> Raw data
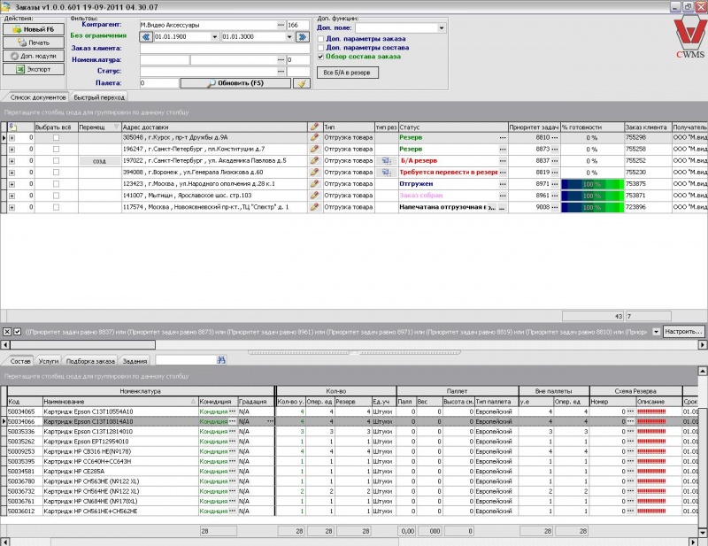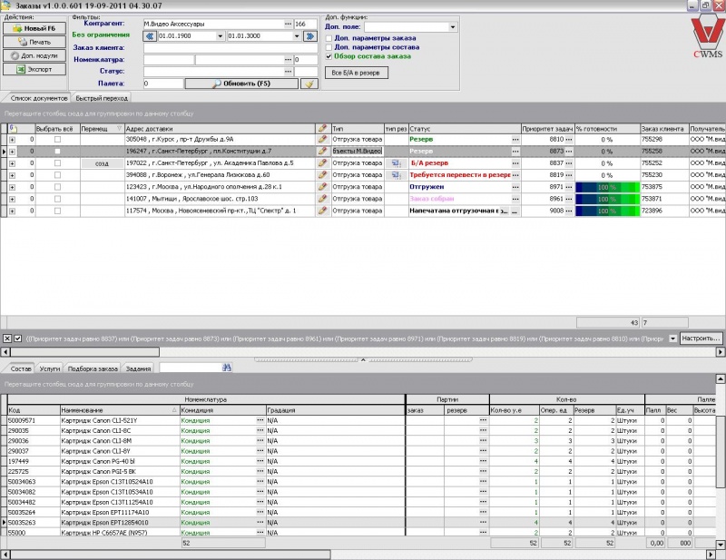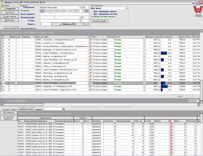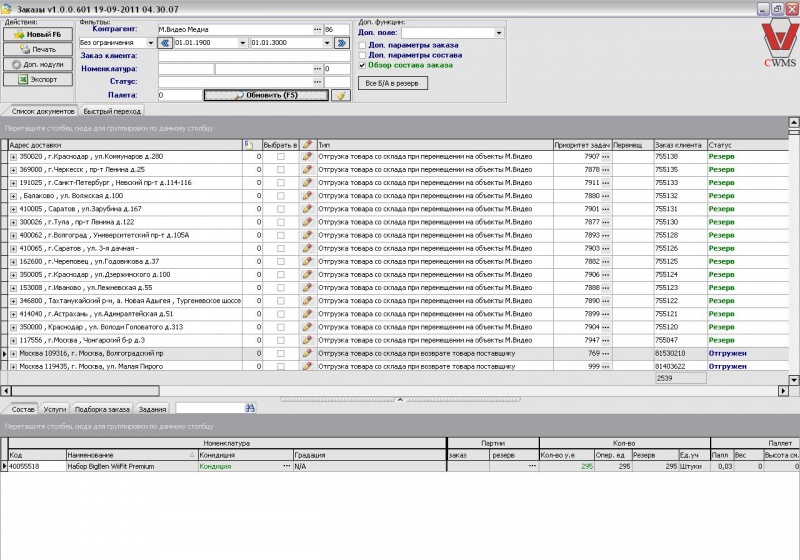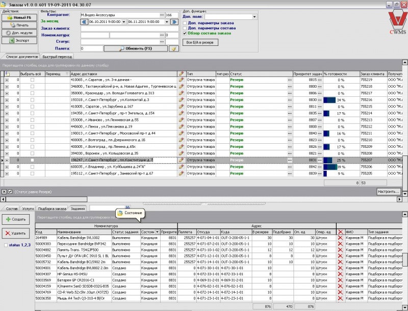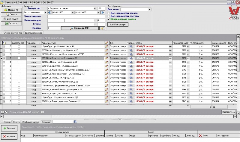 Закладка «Задание»: здесь показаны все созданные задания на подбор товара, созданные программой согласно схеме резерва.
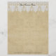 NOTA: este é um design impresso plano, não há lugar elevado, tecido ou elementos em camadas neste produto. COR PALETA: branco, bronzeado, colagem de DESIGN: Correspondência com Papel de Carta de Marca ou Cabeçalho de Carta de Negócio, cabeçalho. Este é um BOHO moderno ou Estilo Boêmiano, inspirado por ciganos, o olhar de na moda de chico moderno. Tem uma beleza simples, limpa, mas adorável. Criado da vintage, era vitoriana ou edwardiana, espiral barroca de queda profunda, modelo de rendas das folhas e ornamentos design de queda de lágrimas que foram graficamente transformados numa elegante e sofisticada fronteira de trim de rendas. Os cadarços são colocados sobre um padrão de fundo texturizado de burlap manchado com chá. Está disponível um conjunto completo de convites para casamento. O verso tem a queda de lágrimas, o padrão do local do ponto de espiral de diamante em um padrão repetido de cheio.
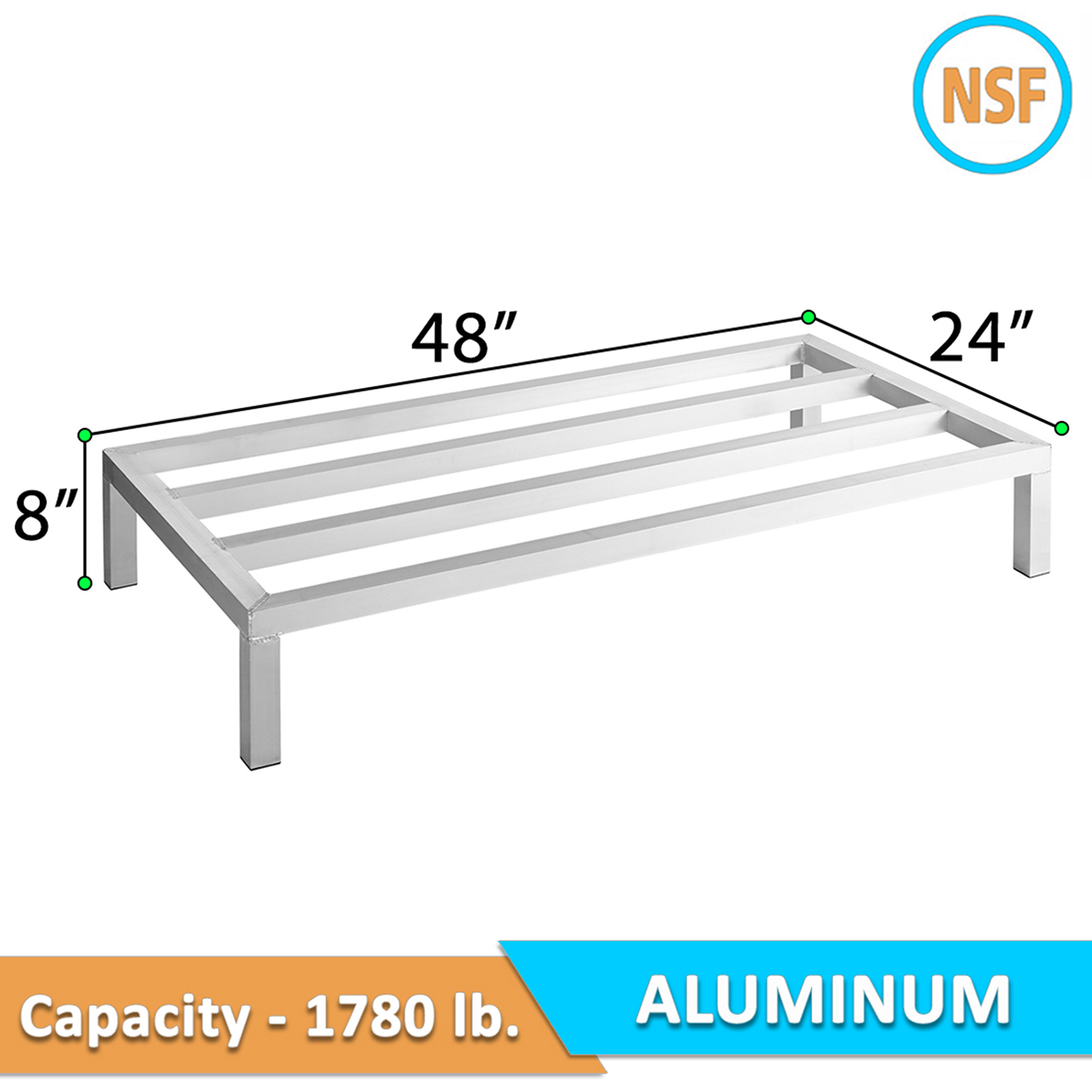 Introducing the 24″ Wide x 48″ Length x 8″ Height Aluminum Dunnage Rack, a premium storage solution designed to enhance the efficiency and organization of your commercial kitchen, warehouse, or storage room. Constructed from aluminum, this dunnage rack is built to last, offering exceptional, making it ideal for environments where durability and hygiene are paramount.
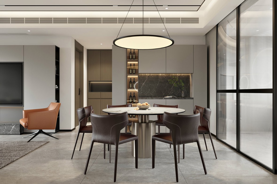 在設(shè)計(jì)開放空間時(shí),采用了精致的家具和干凈的線條。開放的空間給所有的設(shè)計(jì)帶來最大的舒適,不僅滿足日常生活的需要,更體現(xiàn)了藝術(shù)的美學(xué)。客廳的所有空間都不矯揉造作,高度理性地減少了裝飾和色彩的元素,展現(xiàn)出手寫體的美和現(xiàn)代極簡主義的美。設(shè)計(jì)師用簡約卻不簡單的細(xì)節(jié),打造了一個(gè)呈現(xiàn)靈性的住宅空間。室內(nèi)有條不紊的紋理細(xì)節(jié)得到完美的呈現(xiàn),結(jié)合內(nèi)飾的點(diǎn)綴,整體有了趨向完美的比例感,材質(zhì)賦予了整個(gè)空間高級(jí)質(zhì)感的體現(xiàn)。
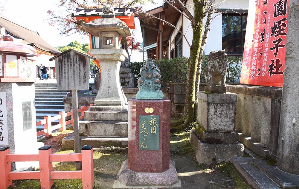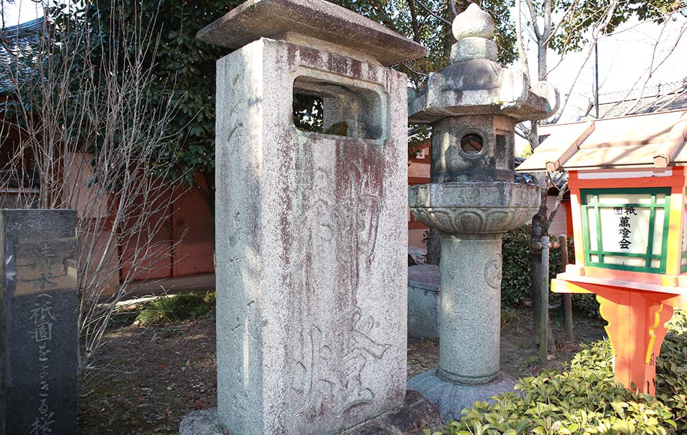 白河法皇が祇園女御のもとに赴こうとこの辺りを通った時に、前方に鬼のようなものが見えました。討伐を命じられた平忠盛は鬼の正体を見定めるために生け捕りにしたところ、灯籠に明かりを灯そうとしていた社僧でした。人々は忠盛の思慮深さと勇ましさを称え、この話は平家物語や日本外史にも記されております。
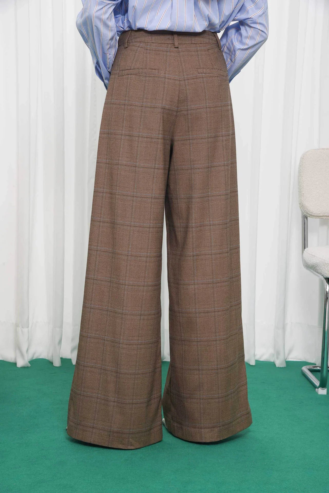 The Liberation pants are tailored from a soft plaid fabric blend in warm brown tones with fine blue lines. They feature a high-rise waist, pleated front, side and back pockets, and a wide-leg silhouette that drapes fluidly. Elegant yet comfortable, they pair perfectly with the matching blazer or trench coat.
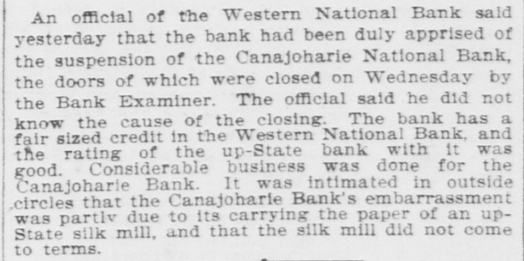 An official of the Western National Bank said yesterday that the bank had been duly apprised of the suspension of the Canajoharie National Bank, the doors of which were closed on Wednesday by the Bank Examiner. The official said he did not know the cause of the closing. The bank has a fair sized credit in the Western National Bank, and the rating of the up-State bank with it was good. Considerable business was done for the Canajoharie Bank. It was intimated in outside circles that the Canajoharie Bank's embarrassment was partlv due to its carrying the paper of an upState silk mill, and that the silk mill did not come to terms.
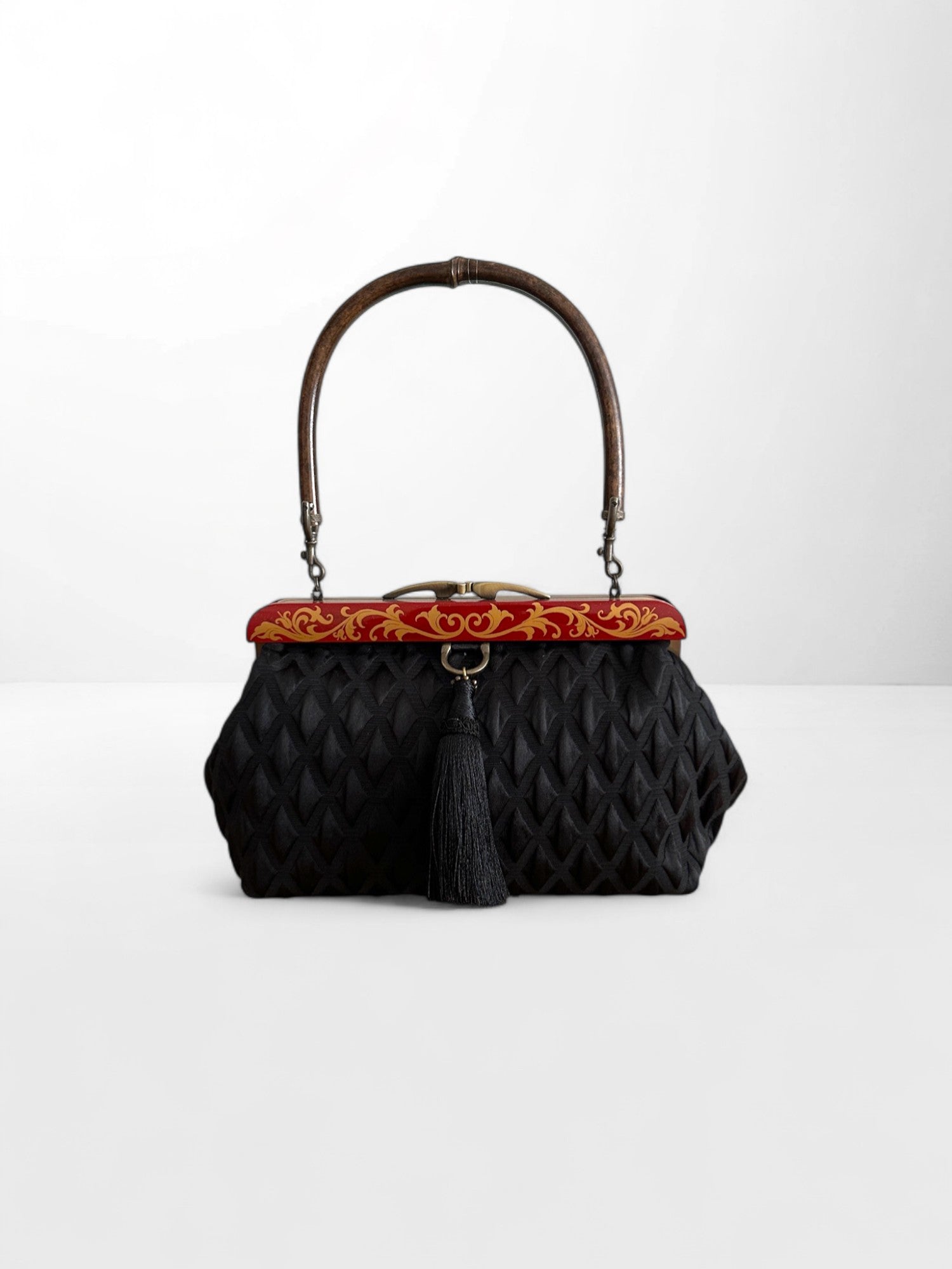 Le fermoir est orné de laque japonaise, appliquée à la main par un artisan traditionnel.
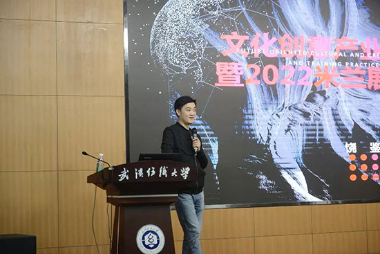 首先由来自湖北工业大学艺术设计公司副经理、米兰设计周—中国高校设计学科师生优秀作品展组委会秘书长饶鉴教授,带给大家一场“文化创意产业实践探索”的专题讲座,他结合自己多年的设计教育经历以及设计实践探索,通过展示与介绍大量的案例和设计作品,从人工智能艺术、传统工艺复兴、创新用户思维、青年建工立业四个方面为主题,就“未来以来”的大环境发展前景作出了深入阐述。他生动的讲述了人工智能如何与艺术设计创作相结合,形象的讲述了“百工百匠”如何进行传统工艺复兴,从“市场难、产品难、渠道难、联动难”四个方面,深入剖析传统工艺的市场现状,他指出“要用新媒体、新金融、新平台来打造新时代手艺人IP,复兴民艺,传播中式美员工活方式,让中国民艺文化走向世界。”饶鉴教授的此次分享,启发了同学们对未来发展环境中设计的思考,使同学们受益颇深。
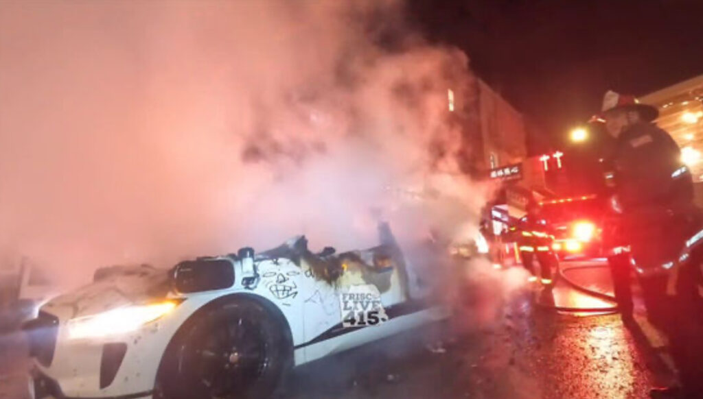 Googleの自動運転車が群衆に止められ窓割られ放火される。住民「自動運転でも車は車カス」米
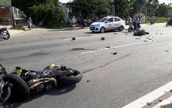 Vào khoảng 15h chiều 2.7, xe mô tô phân khối lớn BKS: 60A1-005.13 lưu thông trên đường Mỹ Phước - Tân Vạn hướng từ Bình Dương đi Đồng Nai, khi đến đoạn thuộc khu phố 1A (phường An Phú, thị xã Thuận An, tỉnh Bình Dương) thì đối đầu cực mạnh với xe máy “kẹp” 3 chạy ngược chiều.
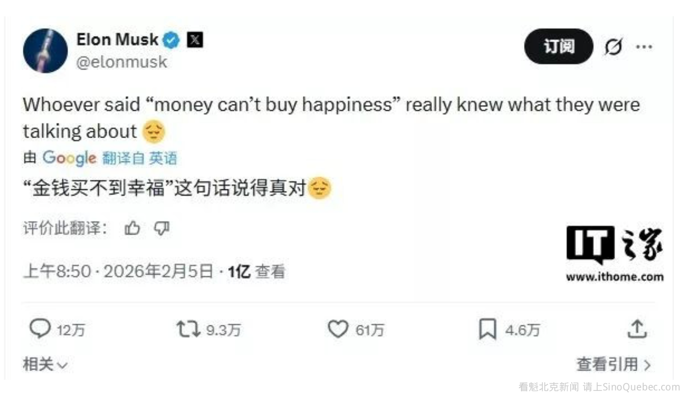 IT之家 2 月 7 日消息,身价超 8000 亿美元的世界首富马斯克本周四在 X 上发帖,称“‘金钱买不到幸福’这句话说得真是太对了”,遂引发大量关注与讨论。目前这条帖子的浏览量已超过 1 亿次。 这一言论在 X 上引发了广泛的反响,其中包括一些曾面临同样困境的超级富豪。对冲基金亿万富翁比尔 · 阿克曼表示,“很多幸福都源于帮助他人。你已经帮助了数百万人,未来很可能会达到数十亿人。你只需要珍惜你为这么多人所取得的成就就好。” 阿克曼还表示,或许马斯克该找一位长期伴侣安定下来,“幸福也可能源于与某个特别之人所建立的长久关系。是时候去寻觅那个能与你长久相伴的人了。这只是我的一点小小的建议。” 亿万富翁、前《创智赢家》(Shark Tank)明星马克 · 库班(Mark Cuban)表示,财富与幸福之间的联系并不是“非黑即白”的。本质上,金钱并不会决定是否幸福,更多的只是放大已有的幸福感。 “如果你没钱的时候保持积极的心态,那么当你暴富之后也会感到无比快乐。而如果你没钱的时候就很痛苦,那么你依然会感到痛苦,只是经济压力会小很多。” 对于马斯克这条帖文,X 上的评论“褒贬不一”。除支持者外还存在大量批评者。作家 Derek Guy 写道:“如果我们想最大化幸福,这是否意味着我们应该把财富从亿万富翁手中重新分配给贫穷和生病的人?对他们来说,这些资源可能可以挽救生命,比如以对贫穷国家的人道主义援助形式。” 作者 Maddox 评论称:“你觉得这是否与这样一个事实有关:你所做的一切就是向世界释放仇恨与负面情绪,而它将不断反弹回你身上?” “金钱买不到幸福”这一说法长期存在于西方文化语境中,被认为可追溯至 18 世纪哲学家卢梭。其含义通常被解释为:金钱可以带来舒适与安全感,但无法保证真正的幸福、满足或情绪健康,这些更多来自人际关系、人生目标与内心平静等非物质因素。 值得一提的是,马斯克近期因 SpaceX 与 xAI 的合并而成为首位身家达到 8000 亿美元的人,并被认为有望成为首位“万亿美元富豪”。 另外,马斯克近年来不仅因商业活动频繁登上新闻,也因其复杂的家庭生活持续引发外界关注,包括与多位伴侣育有十多个孩子,并涉及重组家庭、监护权争议以及围绕育儿与隐私的公开分歧。 此外,马斯克最近还因为与杰弗里 · 爱泼斯坦案存在牵扯而备受争议。美国司法部公开的文件似乎显示爱泼斯坦与马斯克在 2012 年至 2014 年间曾有通信往来。不过,马斯克多年来一直否认曾前往爱泼斯坦的私人岛屿,并在此前一条帖文中写道,爱泼斯坦曾“试图让我去他的岛上,但我拒绝了”。 在这批文件公布后,马斯克上周六在 X 上发帖称:“我与爱泼斯坦的通信非常少,并拒绝了他反复邀请我去他的岛或乘坐他的‘萝莉塔快车’,但我很清楚,与他的一些电子邮件通信可能会被误读,并被对手用来抹黑我的名声。” IT之家注:“萝莉塔快车”(Lolita Express)是爱泼斯坦曾拥有的一架私人波音 727 飞机的外号,因相关调查、法庭文件、飞行记录与幸存者证词而成为该丑闻的象征。 |

> Work to complete
Although the records hold pictures, the copy must not; give again exactly the lines from the one with "白河法皇が祇園女御のもとに赴" through the one with "The Liberation pants".

> Answer to this problem
 白河法皇が祇園女御のもとに赴こうとこの辺りを通った時に、前方に鬼のようなものが見えました。討伐を命じられた平忠盛は鬼の正体を見定めるために生け捕りにしたところ、灯籠に明かりを灯そうとしていた社僧でした。人々は忠盛の思慮深さと勇ましさを称え、この話は平家物語や日本外史にも記されております。
 The Liberation pants are tailored from a soft plaid fabric blend in warm brown tones with fine blue lines. They feature a high-rise waist, pleated front, side and back pockets, and a wide-leg silhouette that drapes fluidly. Elegant yet comfortable, they pair perfectly with the matching blazer or trench coat.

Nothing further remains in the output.